** INSTRUCTIONS TO FOLLOW **
For this exercise, return the line containing "Gothic Cathedral Silhouette" and every line after it through the end of the records below, without alteration.

++++ GIVEN DATA

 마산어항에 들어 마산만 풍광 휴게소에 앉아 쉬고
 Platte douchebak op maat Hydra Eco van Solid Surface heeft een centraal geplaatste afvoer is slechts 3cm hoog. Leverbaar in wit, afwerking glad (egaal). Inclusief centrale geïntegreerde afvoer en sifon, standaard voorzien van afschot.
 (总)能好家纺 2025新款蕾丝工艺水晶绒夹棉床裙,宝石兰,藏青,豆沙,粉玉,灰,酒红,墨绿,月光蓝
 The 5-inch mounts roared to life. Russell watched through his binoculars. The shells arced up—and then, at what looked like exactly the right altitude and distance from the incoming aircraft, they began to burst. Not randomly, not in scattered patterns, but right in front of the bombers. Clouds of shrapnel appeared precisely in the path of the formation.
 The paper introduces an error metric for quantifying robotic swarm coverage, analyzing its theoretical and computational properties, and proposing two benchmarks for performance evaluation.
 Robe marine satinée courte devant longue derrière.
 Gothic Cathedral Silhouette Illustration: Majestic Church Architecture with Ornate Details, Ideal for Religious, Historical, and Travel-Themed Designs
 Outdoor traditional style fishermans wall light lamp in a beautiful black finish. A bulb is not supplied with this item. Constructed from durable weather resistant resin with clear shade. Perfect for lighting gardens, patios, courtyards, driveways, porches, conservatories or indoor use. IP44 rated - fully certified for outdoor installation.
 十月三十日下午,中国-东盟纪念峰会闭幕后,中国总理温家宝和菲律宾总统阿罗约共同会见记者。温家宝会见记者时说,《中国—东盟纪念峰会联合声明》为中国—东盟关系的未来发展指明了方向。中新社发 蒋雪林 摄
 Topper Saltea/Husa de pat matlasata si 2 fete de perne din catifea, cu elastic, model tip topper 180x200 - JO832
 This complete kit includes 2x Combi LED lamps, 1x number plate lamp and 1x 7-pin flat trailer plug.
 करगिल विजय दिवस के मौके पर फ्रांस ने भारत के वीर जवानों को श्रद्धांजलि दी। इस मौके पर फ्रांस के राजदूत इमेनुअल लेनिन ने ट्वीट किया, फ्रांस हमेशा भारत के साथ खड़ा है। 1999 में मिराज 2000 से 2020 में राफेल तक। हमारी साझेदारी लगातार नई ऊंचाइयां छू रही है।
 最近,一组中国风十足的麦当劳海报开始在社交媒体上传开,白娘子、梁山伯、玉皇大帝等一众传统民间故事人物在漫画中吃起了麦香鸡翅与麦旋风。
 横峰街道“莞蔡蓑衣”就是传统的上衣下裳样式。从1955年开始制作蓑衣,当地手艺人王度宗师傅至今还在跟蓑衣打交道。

++++++++

** RESPONSE TO THIS EXERCISE **
 Gothic Cathedral Silhouette Illustration: Majestic Church Architecture with Ornate Details, Ideal for Religious, Historical, and Travel-Themed Designs
 Outdoor traditional style fishermans wall light lamp in a beautiful black finish. A bulb is not supplied with this item. Constructed from durable weather resistant resin with clear shade. Perfect for lighting gardens, patios, courtyards, driveways, porches, conservatories or indoor use. IP44 rated - fully certified for outdoor installation.
 十月三十日下午,中国-东盟纪念峰会闭幕后,中国总理温家宝和菲律宾总统阿罗约共同会见记者。温家宝会见记者时说,《中国—东盟纪念峰会联合声明》为中国—东盟关系的未来发展指明了方向。中新社发 蒋雪林 摄
 Topper Saltea/Husa de pat matlasata si 2 fete de perne din catifea, cu elastic, model tip topper 180x200 - JO832
 This complete kit includes 2x Combi LED lamps, 1x number plate lamp and 1x 7-pin flat trailer plug.
 करगिल विजय दिवस के मौके पर फ्रांस ने भारत के वीर जवानों को श्रद्धांजलि दी। इस मौके पर फ्रांस के राजदूत इमेनुअल लेनिन ने ट्वीट किया, फ्रांस हमेशा भारत के साथ खड़ा है। 1999 में मिराज 2000 से 2020 में राफेल तक। हमारी साझेदारी लगातार नई ऊंचाइयां छू रही है।
 最近,一组中国风十足的麦当劳海报开始在社交媒体上传开,白娘子、梁山伯、玉皇大帝等一众传统民间故事人物在漫画中吃起了麦香鸡翅与麦旋风。
 横峰街道“莞蔡蓑衣”就是传统的上衣下裳样式。从1955年开始制作蓑衣,当地手艺人王度宗师傅至今还在跟蓑衣打交道。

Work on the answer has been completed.